**Goal of the exercise:** Each record should be given again exactly as it appears, with no image included.

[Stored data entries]
──────────

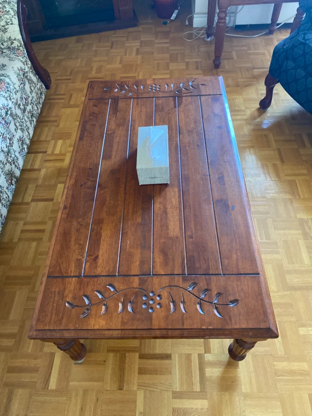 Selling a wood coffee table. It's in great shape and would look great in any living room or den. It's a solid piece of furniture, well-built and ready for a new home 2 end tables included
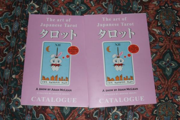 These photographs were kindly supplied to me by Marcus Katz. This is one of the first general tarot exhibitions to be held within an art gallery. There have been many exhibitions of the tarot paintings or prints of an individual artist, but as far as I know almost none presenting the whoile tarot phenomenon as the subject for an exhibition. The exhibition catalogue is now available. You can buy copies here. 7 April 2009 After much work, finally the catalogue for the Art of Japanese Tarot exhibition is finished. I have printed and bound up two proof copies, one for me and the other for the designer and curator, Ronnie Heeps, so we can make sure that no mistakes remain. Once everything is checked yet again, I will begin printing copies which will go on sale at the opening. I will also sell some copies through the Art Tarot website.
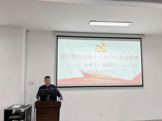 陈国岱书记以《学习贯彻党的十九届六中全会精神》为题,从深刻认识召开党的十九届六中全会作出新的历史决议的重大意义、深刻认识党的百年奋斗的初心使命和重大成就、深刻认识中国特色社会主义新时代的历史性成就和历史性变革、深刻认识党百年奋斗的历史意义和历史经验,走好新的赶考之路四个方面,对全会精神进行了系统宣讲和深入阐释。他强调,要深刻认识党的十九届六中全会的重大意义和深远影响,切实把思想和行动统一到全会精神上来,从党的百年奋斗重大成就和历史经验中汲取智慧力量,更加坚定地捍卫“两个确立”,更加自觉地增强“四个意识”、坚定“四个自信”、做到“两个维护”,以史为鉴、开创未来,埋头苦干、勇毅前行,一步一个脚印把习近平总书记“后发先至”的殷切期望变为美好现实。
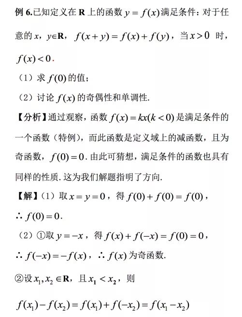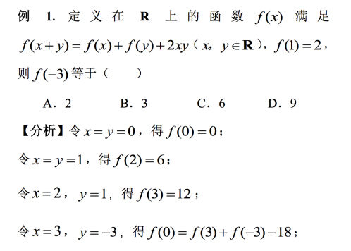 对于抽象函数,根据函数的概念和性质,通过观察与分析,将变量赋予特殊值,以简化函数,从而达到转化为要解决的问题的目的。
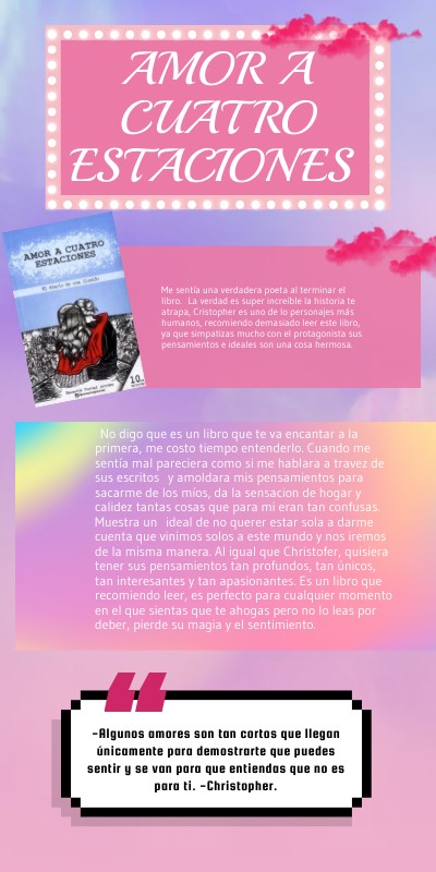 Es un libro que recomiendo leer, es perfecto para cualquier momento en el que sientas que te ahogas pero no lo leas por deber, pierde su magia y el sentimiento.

──────────

**Exercise solution:**
 Selling a wood coffee table. It's in great shape and would look great in any living room or den. It's a solid piece of furniture, well-built and ready for a new home 2 end tables included
 These photographs were kindly supplied to me by Marcus Katz. This is one of the first general tarot exhibitions to be held within an art gallery. There have been many exhibitions of the tarot paintings or prints of an individual artist, but as far as I know almost none presenting the whoile tarot phenomenon as the subject for an exhibition. The exhibition catalogue is now available. You can buy copies here. 7 April 2009 After much work, finally the catalogue for the Art of Japanese Tarot exhibition is finished. I have printed and bound up two proof copies, one for me and the other for the designer and curator, Ronnie Heeps, so we can make sure that no mistakes remain. Once everything is checked yet again, I will begin printing copies which will go on sale at the opening. I will also sell some copies through the Art Tarot website.
 陈国岱书记以《学习贯彻党的十九届六中全会精神》为题,从深刻认识召开党的十九届六中全会作出新的历史决议的重大意义、深刻认识党的百年奋斗的初心使命和重大成就、深刻认识中国特色社会主义新时代的历史性成就和历史性变革、深刻认识党百年奋斗的历史意义和历史经验,走好新的赶考之路四个方面,对全会精神进行了系统宣讲和深入阐释。他强调,要深刻认识党的十九届六中全会的重大意义和深远影响,切实把思想和行动统一到全会精神上来,从党的百年奋斗重大成就和历史经验中汲取智慧力量,更加坚定地捍卫“两个确立”,更加自觉地增强“四个意识”、坚定“四个自信”、做到“两个维护”,以史为鉴、开创未来,埋头苦干、勇毅前行,一步一个脚印把习近平总书记“后发先至”的殷切期望变为美好现实。
 对于抽象函数,根据函数的概念和性质,通过观察与分析,将变量赋予特殊值,以简化函数,从而达到转化为要解决的问题的目的。
 Es un libro que recomiendo leer, es perfecto para cualquier momento en el que sientas que te ahogas pero no lo leas por deber, pierde su magia y el sentimiento.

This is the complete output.